Top of RECORDS PROVIDED

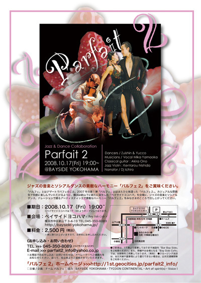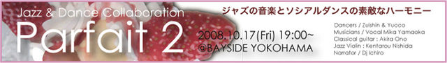 食欲の秋ですが、 アーティスティックなパルフェを召し上がりませんか? 昨年、開催された ジャズ&ダンスフェスティバル『パルフェ』 第2弾をこの芸術の秋に開催! この「パルフェ」は、 透き通ったグラスの中に、 出演者の個性豊かなパフォーマンスがいっぱい詰まったデザート。 第1弾「パルフェ」とはまたひと味違った「パルフェ2」。カジュアルな雰囲気で気軽に楽しんでいただけるように、横浜は新山下に新たに誕生した「ベイサイドヨコハマ」を会場に、ジャズの音楽とソシアルダンス、ナレーションで綴るアーティスティックで
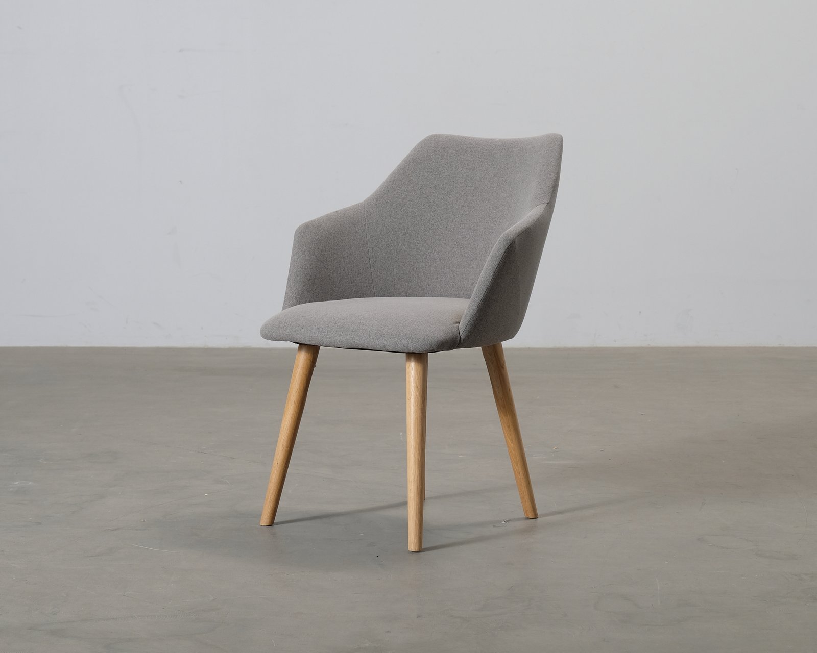 Sofacompanys Vica är en elegant matstol med en stoppad sits som ger utmärkt komfort. De graciösa ekbenen och den högkvalitativa tygklädseln fulländar stolens snygga utseende. Färg: Andie Antracit. Litet hål i armstödet. Helhetsintrycket är fint.
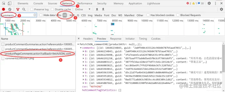 所以重新选中 All 按钮,显示所有的 URL。现在用另外一种方式寻找这个 URL,就是 Filter。通过左上角的 Filter 输入框,可以通过关键字搜索 URL,由于本文是抓取评论数据,所以可以尝试输入 comments,在左下角的列表中会出现如下图所示的内容。
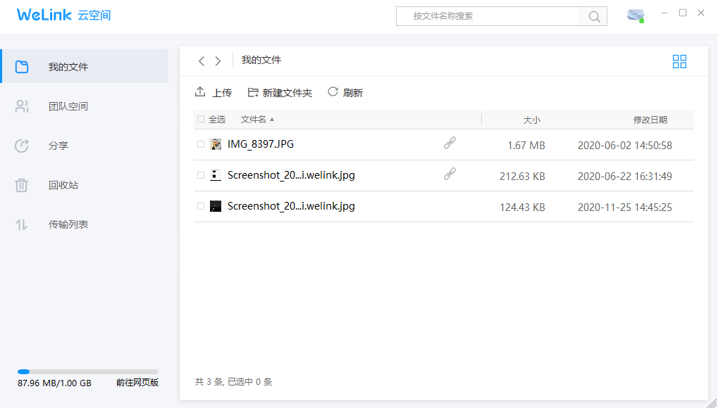 - WeLink云空间支持桌面PC版和移动版,两边文件数据自动同步,充分考虑便捷性,登录WeLink后,PC版独立设计了云空间图标,点击即可登录云空间,移动版云空间也支持在线编辑,上传下载,分享文件等操作。
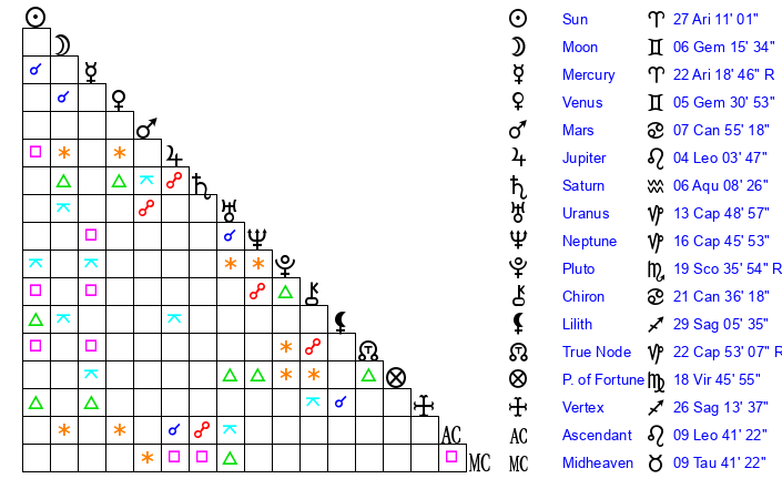 | Moon | 6 Gemini 14 | 19 Sagittarius 7 | 11 Virgo 19 |
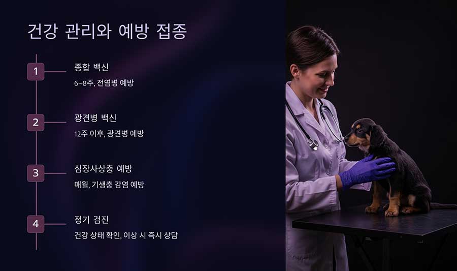 | 종합 백신 | 6~8주 | 전염병 예방 |
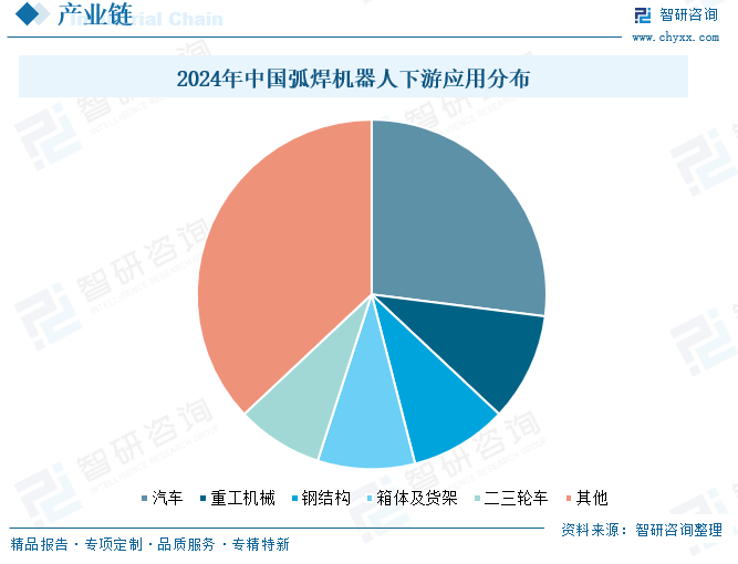 弧焊机器人具有高效率、高精度、一致性等优点,被广泛用于汽车、重工机械、钢结构、箱体及货架、船舶等领域,在制造业中的重要性不断提升。汽车是弧焊机器人最大应用市场,2024年占比27%。其次为重工机械,占比10%左右。
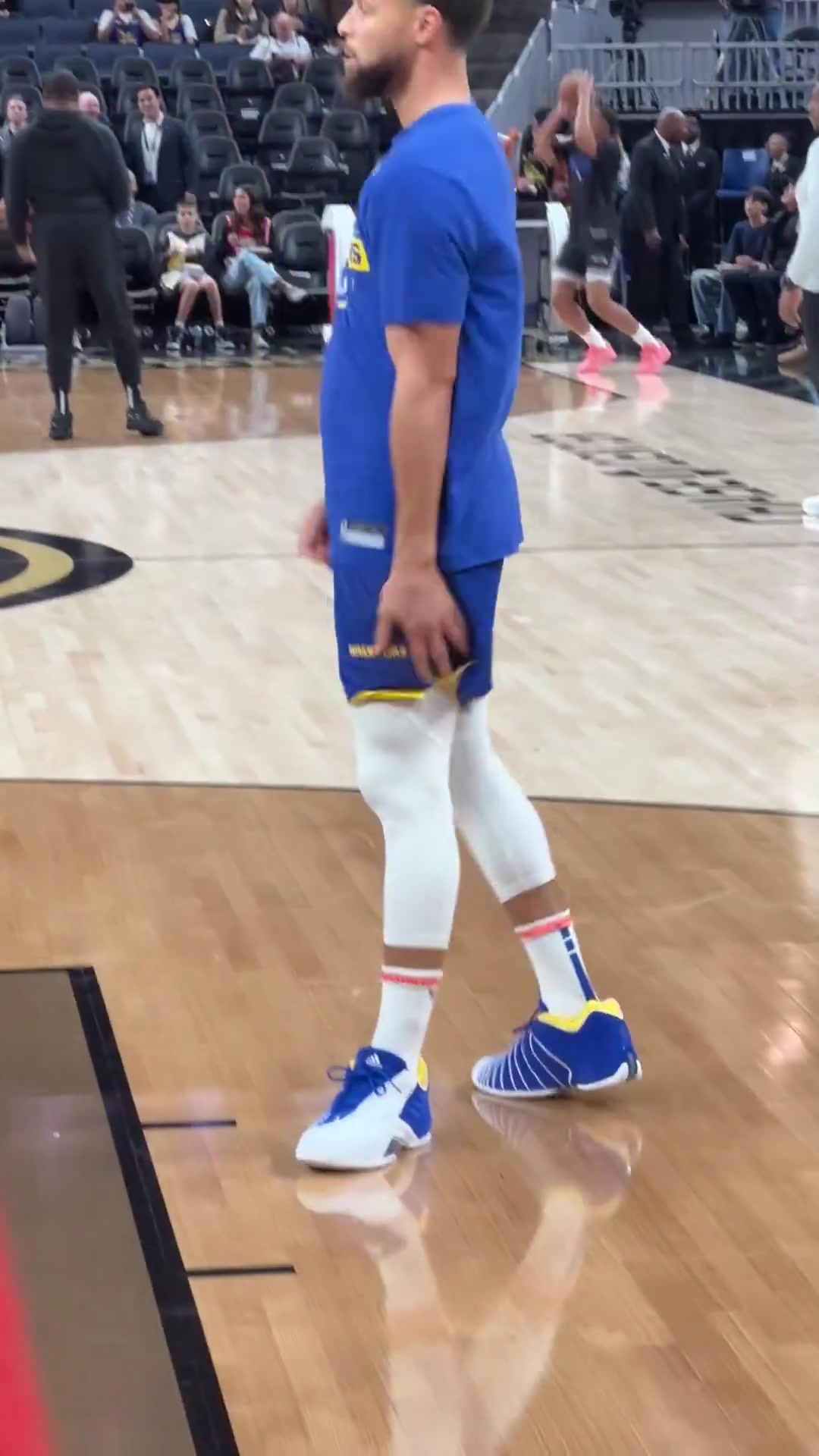 致敬经典库里今日赛前热身上脚麦迪三代战靴
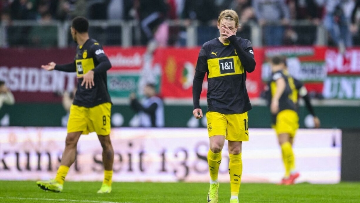 No der Néierlag an der Champions League géint Real Madrid huet Dortmund och an der Bundesliga de Kierze gezunn. Augsburg goung mat 2:1 als Gewënner vum Terrain.
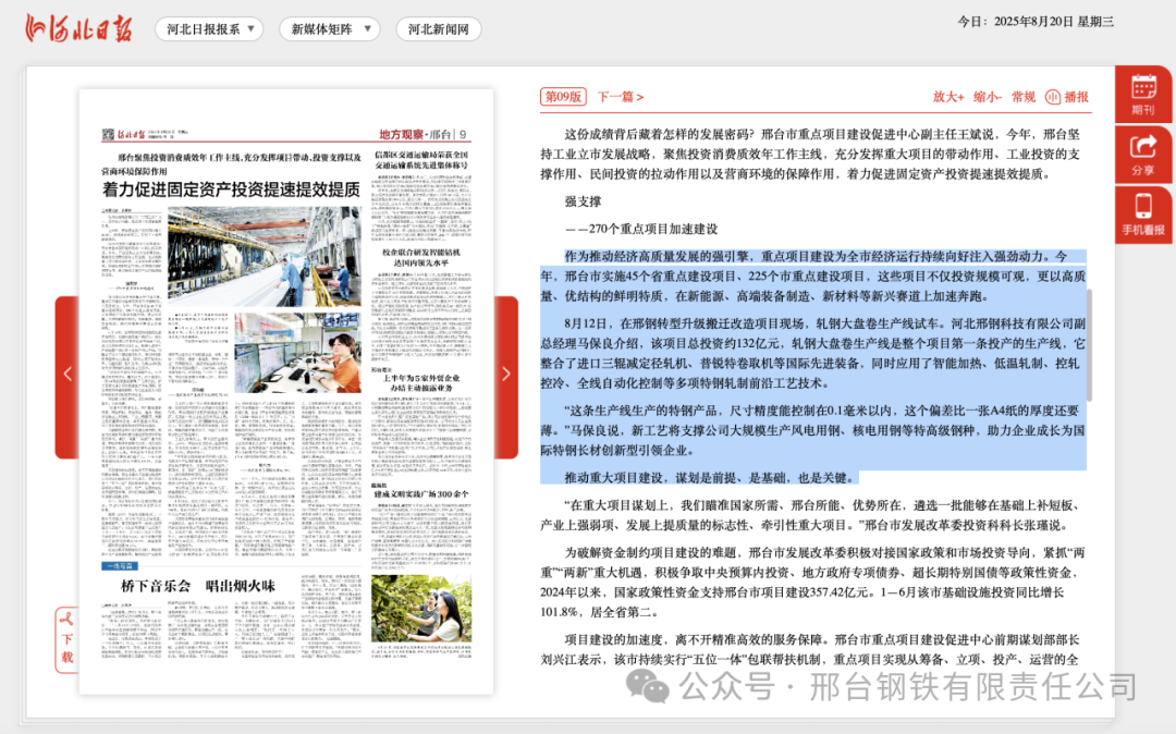 8月12日,在邢鋼轉(zhuǎn)型升級搬遷改造項(xiàng)目現(xiàn)場,軋鋼大盤卷生產(chǎn)線試車。河北邢鋼科技有限公司副總經(jīng)理馬保良介紹,該項(xiàng)目總投資約132億元,軋鋼大盤卷生產(chǎn)線是整個(gè)項(xiàng)目第一條投產(chǎn)的生產(chǎn)線,它整合了進(jìn)口三輥減定徑軋機(jī)、普銳特卷取機(jī)等國際先進(jìn)裝備,同時(shí)應(yīng)用了智能加熱、低溫軋制、控軋控冷、全線自動化控制等多項(xiàng)特鋼軋制前沿工藝技術(shù)。“這條生產(chǎn)線生產(chǎn)的特鋼產(chǎn)品,尺寸精度能控制在0.1毫米以內(nèi),這個(gè)偏差比一張A4紙的厚度還要薄。”馬保良說,新工藝將支撐公司大規(guī)模生產(chǎn)風(fēng)電用鋼、核電用鋼等特高級鋼種,助力企業(yè)成長為國際特鋼長材創(chuàng)新型引領(lǐng)企業(yè)。
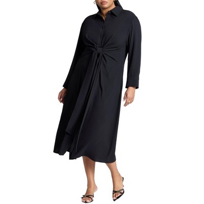 ELOQUII Velvet Tie Waist Gown - 14, Black Onyx
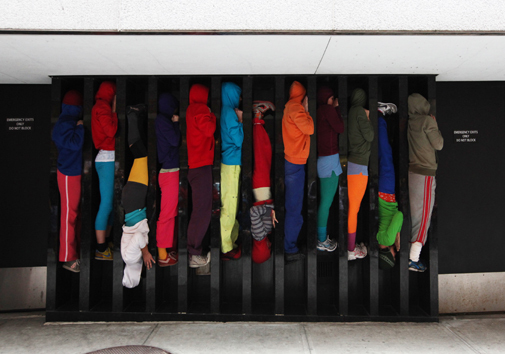 Le chorégraphe autrichien Willi Dorner lance un commando en survêt' à capuche dans les rues de Toulouse. Corps amoncelés, corps imbriqués, soigneusement rangés les uns à côté des autres, ou encore corps encastrés, glissés dans les fissures et les entre-deux de l'espace urbain, Willi Dorner compose avec de la matière vivante une chaîne de sculptures abstraites, dépose des danseurs tels des traits de couleur sur le pavé, le béton, le bitume et le mobilier urbain.
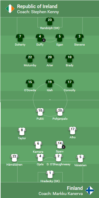 AEGoal.net cập nhật chính xác ĐỘI HÌNH RA SÂN trận CH Ireland vs Phần Lan diễn ra lúc 23h00 ngày 6/9 trong khuôn khổ UEFA Nations League.
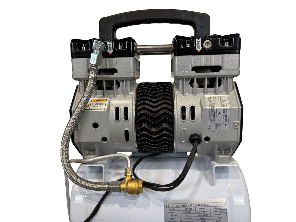 Безшумният компресор без масло 6 л GEBO TOOLS има резервоар с обем 6 литра и работи при максимално работно налягане от 8 бара. Оборудван е с двигател с мощност 1 к.с. и два цилиндъра. Захранването е с напрежение 220 V, с честота 50 Hz. Скоростта на въртене на двигателя е 1400 об/мин.
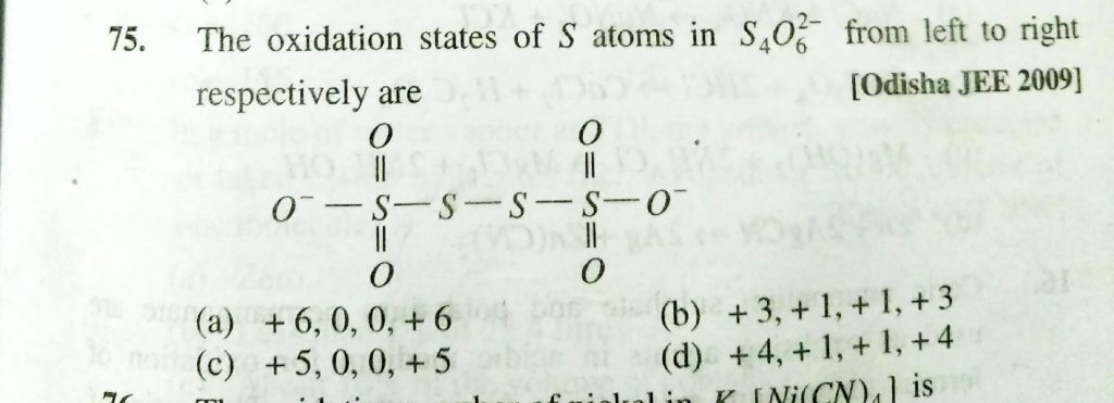 The oxidation states of S atoms in S4O6^2-from left to right respectively are The oxidation states of S atoms in S4O6^2-from left to right respectively are November 24, 2020 Category: Uncategorised (JEE Advanced Physics by BM Sharma + GMP Solutions) , Facebook Messenger WhatsApp Share this:TwitterFacebook Related

Bottom of RECORDS PROVIDED

**YOUR INSTRUCTIONS**: Copy the listing exactly. Leave the pictures out.

**RESULT OF THE EXERCISE**:
 食欲の秋ですが、 アーティスティックなパルフェを召し上がりませんか? 昨年、開催された ジャズ&ダンスフェスティバル『パルフェ』 第2弾をこの芸術の秋に開催! この「パルフェ」は、 透き通ったグラスの中に、 出演者の個性豊かなパフォーマンスがいっぱい詰まったデザート。 第1弾「パルフェ」とはまたひと味違った「パルフェ2」。カジュアルな雰囲気で気軽に楽しんでいただけるように、横浜は新山下に新たに誕生した「ベイサイドヨコハマ」を会場に、ジャズの音楽とソシアルダンス、ナレーションで綴るアーティスティックで
 Sofacompanys Vica är en elegant matstol med en stoppad sits som ger utmärkt komfort. De graciösa ekbenen och den högkvalitativa tygklädseln fulländar stolens snygga utseende. Färg: Andie Antracit. Litet hål i armstödet. Helhetsintrycket är fint.
 所以重新选中 All 按钮,显示所有的 URL。现在用另外一种方式寻找这个 URL,就是 Filter。通过左上角的 Filter 输入框,可以通过关键字搜索 URL,由于本文是抓取评论数据,所以可以尝试输入 comments,在左下角的列表中会出现如下图所示的内容。
 - WeLink云空间支持桌面PC版和移动版,两边文件数据自动同步,充分考虑便捷性,登录WeLink后,PC版独立设计了云空间图标,点击即可登录云空间,移动版云空间也支持在线编辑,上传下载,分享文件等操作。
 | Moon | 6 Gemini 14 | 19 Sagittarius 7 | 11 Virgo 19 |
 | 종합 백신 | 6~8주 | 전염병 예방 |
 弧焊机器人具有高效率、高精度、一致性等优点,被广泛用于汽车、重工机械、钢结构、箱体及货架、船舶等领域,在制造业中的重要性不断提升。汽车是弧焊机器人最大应用市场,2024年占比27%。其次为重工机械,占比10%左右。
 致敬经典库里今日赛前热身上脚麦迪三代战靴
 No der Néierlag an der Champions League géint Real Madrid huet Dortmund och an der Bundesliga de Kierze gezunn. Augsburg goung mat 2:1 als Gewënner vum Terrain.
 8月12日,在邢鋼轉(zhuǎn)型升級搬遷改造項(xiàng)目現(xiàn)場,軋鋼大盤卷生產(chǎn)線試車。河北邢鋼科技有限公司副總經(jīng)理馬保良介紹,該項(xiàng)目總投資約132億元,軋鋼大盤卷生產(chǎn)線是整個(gè)項(xiàng)目第一條投產(chǎn)的生產(chǎn)線,它整合了進(jìn)口三輥減定徑軋機(jī)、普銳特卷取機(jī)等國際先進(jìn)裝備,同時(shí)應(yīng)用了智能加熱、低溫軋制、控軋控冷、全線自動化控制等多項(xiàng)特鋼軋制前沿工藝技術(shù)。“這條生產(chǎn)線生產(chǎn)的特鋼產(chǎn)品,尺寸精度能控制在0.1毫米以內(nèi),這個(gè)偏差比一張A4紙的厚度還要薄。”馬保良說,新工藝將支撐公司大規(guī)模生產(chǎn)風(fēng)電用鋼、核電用鋼等特高級鋼種,助力企業(yè)成長為國際特鋼長材創(chuàng)新型引領(lǐng)企業(yè)。
 ELOQUII Velvet Tie Waist Gown - 14, Black Onyx
 Le chorégraphe autrichien Willi Dorner lance un commando en survêt' à capuche dans les rues de Toulouse. Corps amoncelés, corps imbriqués, soigneusement rangés les uns à côté des autres, ou encore corps encastrés, glissés dans les fissures et les entre-deux de l'espace urbain, Willi Dorner compose avec de la matière vivante une chaîne de sculptures abstraites, dépose des danseurs tels des traits de couleur sur le pavé, le béton, le bitume et le mobilier urbain.
 AEGoal.net cập nhật chính xác ĐỘI HÌNH RA SÂN trận CH Ireland vs Phần Lan diễn ra lúc 23h00 ngày 6/9 trong khuôn khổ UEFA Nations League.
 Безшумният компресор без масло 6 л GEBO TOOLS има резервоар с обем 6 литра и работи при максимално работно налягане от 8 бара. Оборудван е с двигател с мощност 1 к.с. и два цилиндъра. Захранването е с напрежение 220 V, с честота 50 Hz. Скоростта на въртене на двигателя е 1400 об/мин.
 The oxidation states of S atoms in S4O6^2-from left to right respectively are The oxidation states of S atoms in S4O6^2-from left to right respectively are November 24, 2020 Category: Uncategorised (JEE Advanced Physics by BM Sharma + GMP Solutions) , Facebook Messenger WhatsApp Share this:TwitterFacebook Related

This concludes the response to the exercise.